Melba Beals
Civil rights activist
One of the "Little Rock Nine" who integrated an all-white high school in Arkansas in 1957, this journalism grad, pictured left, is now chair of Dominican University's Communications Department. Her awards include the Congressional Gold Medal and the Robert F. Kennedy Book Award for Excellence in Writing.

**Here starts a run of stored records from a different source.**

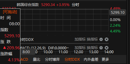 上证报中国证券网讯 2月9日,日韩股市开盘齐涨。日经225指数涨1.62%,报55130.63点;韩国综合指数涨4.13%,报5299.10点。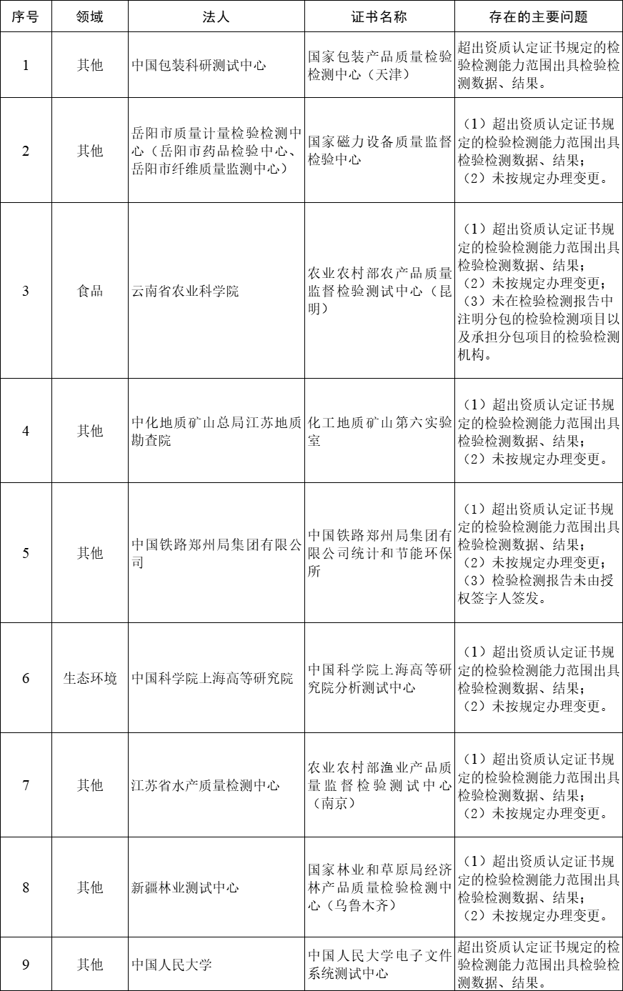 (二)责令存在超出资质认定证书规定的检验检测能力范围出具检验检测数据、结果等问题的9家机构限期改正,并移交属地市场监管部门实施行政罚款。
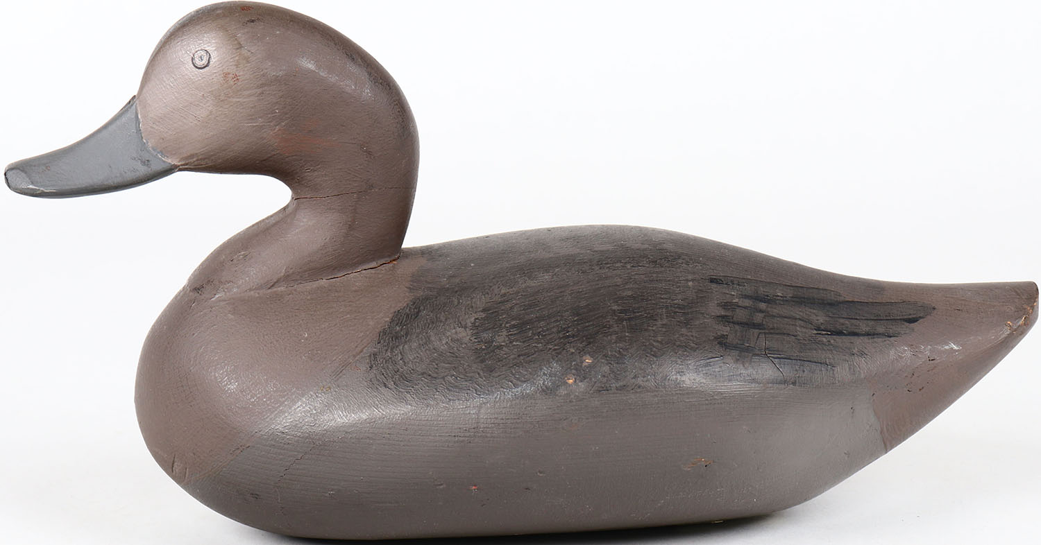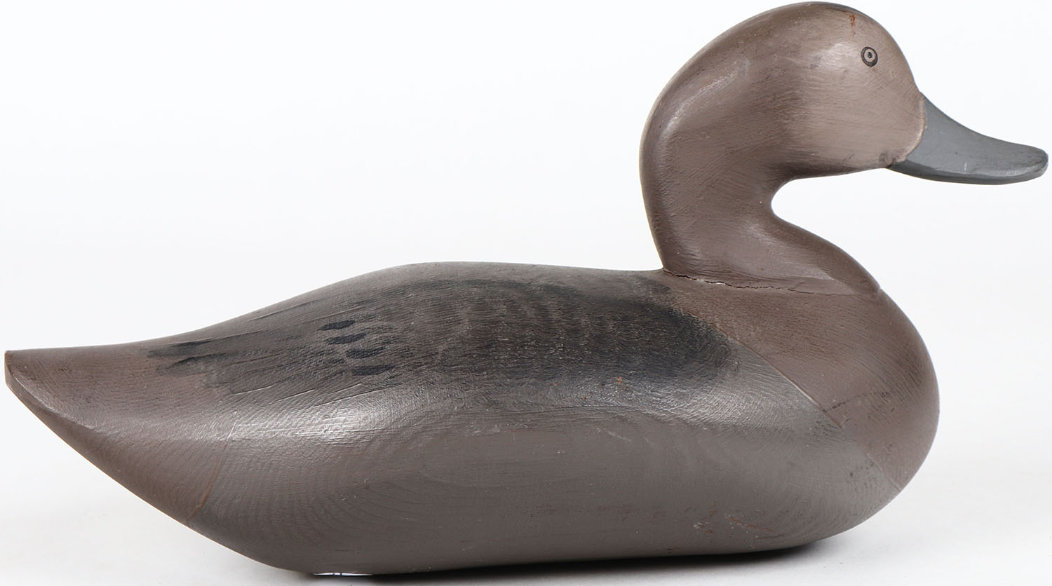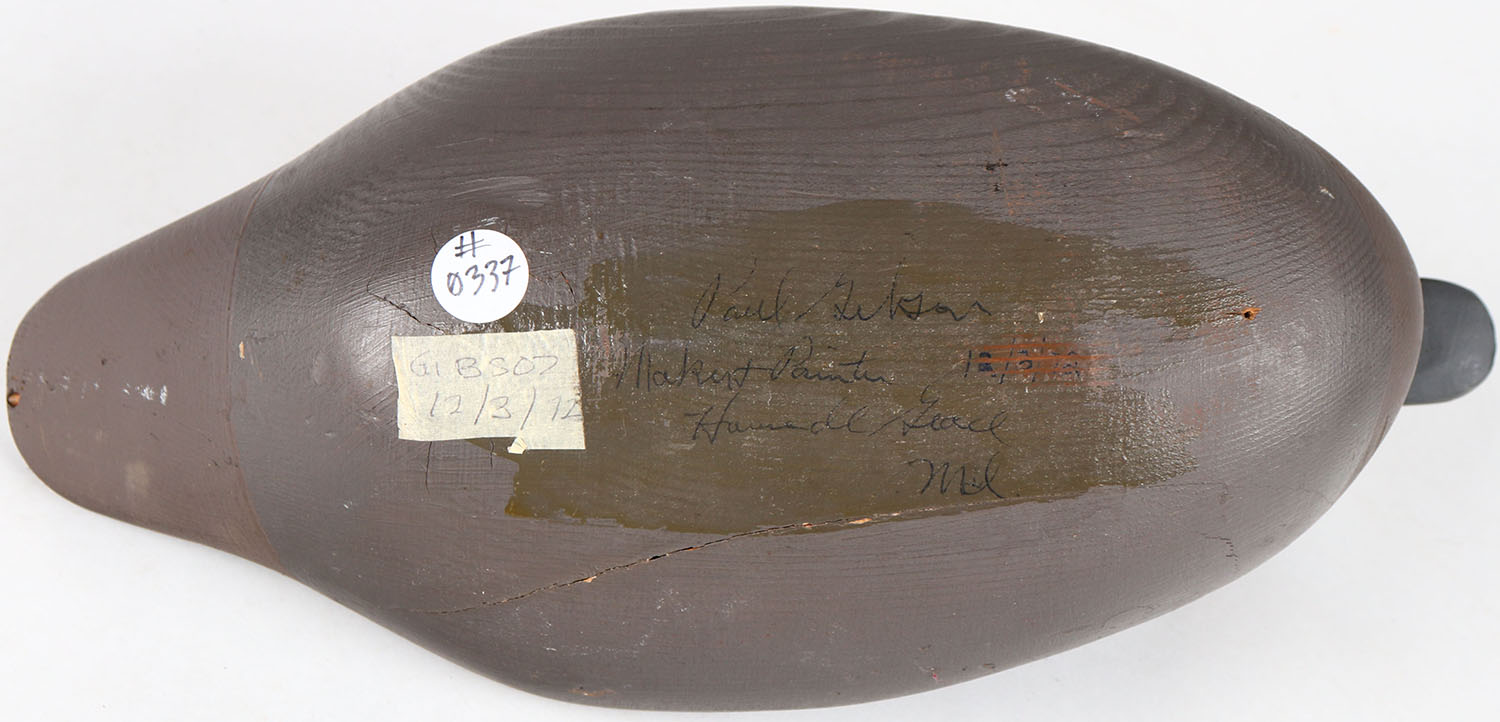 Bluebill Hen by Paul Gibson, Havre de Grace, MD, painted eyes, solid wood, has age crack on bottom, signed on bottom, original paint. Grade: Very Good ++ - Value: 70 to 200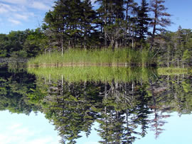 写真は、まめしばのフォト・ポエムその4「わすれないでいよう」から、世界遺産知床の美しい風景。どちらが空?どちらが湖?

Photo courtesy of the Central High Museum Historical Collections/UALR Archives.
Randy Hayes
Environmental pioneer
His masters thesis in environmental planning, a 16 mm film about the desert, won Best Student Film from the Academy of Motion Picture Arts and Sciences and led to Hayes founding the Rainforest Action Network.
Norma Hotaling
Crusader for survivors of abuse, prostitution and trauma
She died in 2008 but her legacy lives on through Standing Against Global Exploitation, an organization she founded as part of her health education coursework at SF State.
Ralf Hotchkiss
Disability activist
He used his $260,000 McArthur Foundation "genius" grant to start an SF State group that would become Whirlwind Wheelchair International, which helps people in developing countries build their own wheelchairs.
Cleve Jones
AIDS activist
The founder of the AIDS Memorial Quilt was an SF State student when he stitched the first panel of what would become the world's largest, ongoing community arts project.
Wilma Mankiller
American Indian activist
Long before her selection as first woman chief of the Cherokee Nation in 1985, she was an SF State student who participated in the Native American occupation of Alcatraz Island.
Joseph Marshall
Youth advocate
This MacArthur "genius grant" recipient has been called the "Repo Man" for his remarkable ability to turn around the lives of teens in trouble with drugs and gangs.
Jerry Nims
Religious activist
Jerry Falwell's successor as head of the Moral Majority turned toward conservatism after reading Marx and Lenin as an SF State student in the '60s.
Mario Savio
Free speech activist
Though most closely associated with the Free Speech Movement at UC Berkeley, his alma mater is SF State, from which he graduated with highest honors in 1984.
Mu Sochua
Member of Cambodian Parliament, human rights advocate
Her efforts against sex trafficking won her a Nobel Peace Prize nomination and a Human Rights Global Leadership Award from Vital Voices Global Partnership in 2005.